- Film poster
- Directed by: John Farrow
- Screenplay by: Thames Williamson Casey Robinson
- Story by: Thames Williamson
- Produced by: Howard Welsch
- Starring: Jean Simmons Rory Calhoun Stephen McNally Brian Aherne
- Cinematography: Franz Planer
- Edited by: Otto Ludwig
- Music by: Dimitri Tiomkin
- Color process: Technicolor
- Production company: Columbia Pictures
- Distributed by: Columbia Pictures
- Release date: September 4, 1954;
- Running time: 90 minutes 82 minutes (Sony Pictures Television Print)
- Country: United States
- Language: English

= A Bullet Is Waiting =

1954 film by John Farrow

A Bullet Is Waiting is a 1954 American film noir crime Western film directed by John Farrow and starring Jean Simmons, Rory Calhoun, Stephen McNally and Brian Aherne.

==Plot==

A small plane carrying Frank Munson and handcuffed prisoner Ed Stone crashes in the California wilderness. Ed unlocks the cuffs and flees, encountering a woman named Cally who is minding sheep. Frank follows and identifies himself as a Utah lawman who, after tracking Ed for nearly two years, finally caught him. Cally is hesitant to trust either man. She is an educated woman whose father, a former Oxford University professor, lives with her but is currently away.

As a torrential rain falls, Ed attempts to escape, but the passage is flooded. Cally tries to warn him but pulls a knife when Ed tries to rape her. At the cabin, Frank has no weapon and searches for a rifle that Cally has hidden. Ed returns and, while trapped there during the storm, explains to Cally that he shot Frank's brother in self-defense. In response, Frank had himself deputized but intends to kill him rather than bring him to justice.

Cally's father returns and is startled to find two men there. He hears their stories and, aware that his daughter is falling in love with Ed, offers him a chance to surrender to the authorities. With a gun in his hand and a single bullet in the chamber, Ed proves his intent by refusing to shoot Frank when he has the chance. He resolves to surrender himself to the police.

==Cast==
- Jean Simmons as Cally Canham
- Rory Calhoun as Ed Stone
- Stephen McNally as Frank Munson
- Brian Aherne as David Canham

==Production==
Producer Howard Welsch had assumed Jean Simmons's contract from RKO and transferred it to 20th Century-Fox after making the film.

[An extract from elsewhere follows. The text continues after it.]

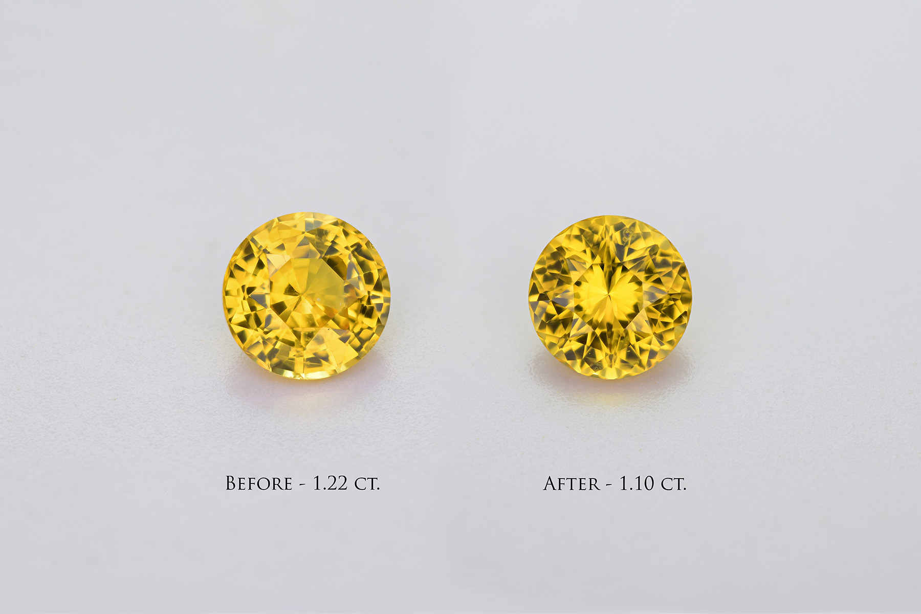 It was recut from 1.22 ct. to remove the window that it had and is now beautifully bright and brilliant as a result.

Filming began on December 3, 1953.

In April 1954, Welsch signed a deal with Columbia to distribute the film.

== Reception ==
In a contemporary review for The New York Times, critic A. H. Weiler called A Bullet Is Waiting a "strangely verbose vehicle carrying more than a fair load of primary philosophy and a minimum of realistic drama and character delineation."